Embryos respond to their environment in vitro or in vivo in diverse ways that can influence their future growth and health. As discussed above, developmental plasticity, evident in epigenetic, metabolic, and proliferative states can lead to changes in fetal development through changes in imprinted gene expression, nutrient, and stress-related signaling pathways or cell cycling and apoptotic rates. Last, we consider the interaction between the embryo-centric phenotype changes and the maternal environment during subsequent gestation.
The search for basic mechanisms underlying the intrauterine programming of fetal and postnatal growth, cardiovascular, and metabolic physiology and ultimately the enhanced risk of adult-onset disease has indicated a complex network of interactions with a central role for maternal-fetal neuroendocrine signaling [reviewed in 140–142]. Maternal undernutrition during gestation alters maternal steroid hormone levels, including elevation of glucocorticoids (GC; corticosterone, cortisol), the stress hormones, which can profoundly influence the physiological condition of the conceptus [143]. Fetal protection against maternal GC is enzymatically regulated by placental 11ß-hydroxysteroid dehydrogenase type 2 (11ß-HSD2), which converts GC to an inactive form [144]. Placental 11ß-HSD2 expression and activity are reduced by maternal undernutrition, resulting in increased GC exposure to the fetus [145–147]. This exposure can alter the setting of the fetal hypothalamus-pituitary-adrenal (HPA) axis, leading to elevated fetal GC activity which, through the nuclear GC receptors, can modify the expression of many downstream genes controlling growth and metabolism, including cardiovascular and renal physiology [140–142]. Vascular function and setting of resting blood pressure can be further modified via the renin-angiotensin system and kidney nephrogenesis in response to HPA modulation [141, 148].

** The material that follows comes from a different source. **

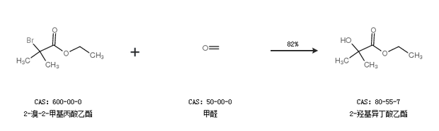 1.通过2-溴-2-甲基丙酸乙酯和甲醛合成2-羟基异丁酸乙酯,收率约82%;
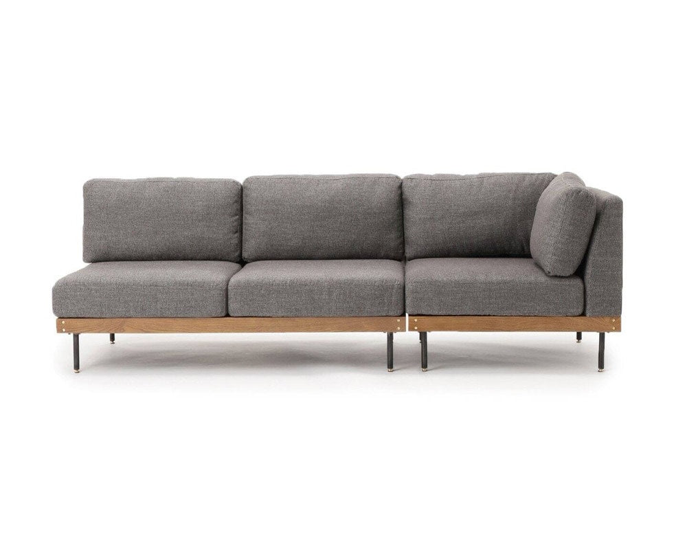 コンパクトで搬入間口を気にせずお使い頂ける、journal standard Furniture/ジャーナルスタンダードファニチャーの「LILLE SOFA 2P/リルソファ」のグレー生地です。コンパクトサイズだがアームレスであることで大人2人が腰を掛けても十分な大きさが最大の魅力。アームが無い事で圧迫感無くお部屋に置くことができます。ウッドベースとスチールレッグの組合せにより軽快感を出す事に貢献し、脚先のアジャスターはデザインのアクセントで真鍮を使用しています。2台並べて大きめソファとして使ったり、別売りの同シリーズオットマンやエンドテーブルやサイドテーブルを組み合わせいただけます。オットマンと組み合わせL字使用も可能です。※仕様変更によりお手入れが可能なフルカバーリング仕様になりました。

How important are these neuroendocrinal pathways in initiating fetal and postnatal alteration in growth, metabolic, and cardiovascular phenotype following environmental manipulation during preimplantation development? The effect of restricted periconceptional nutrition (70% control feed allowance) before mating and for 7 days after mating, prior to control feed provision for the duration of gestation, has been investigated on the development of the fetal HPA axis in sheep [30, 31]. Periconceptional undernutrition resulted in higher fetal plasma concentrations of pituitary adrenocorticotropic hormone (ACTH) between 110 and 145 days of gestation, a significantly greater cortisol response to corticotropin-releasing hormone and an increase in fetal blood pressure in twin fetuses in late gestation [30, 31]. A change in the setting of the fetal HPA axis following periconceptional undernutrition may derive from reduced trophectoderm development and a change in the secretion of placental hormones such as prostaglandin E2, which is thought to control ACTH secretion in late gestation [30, 149].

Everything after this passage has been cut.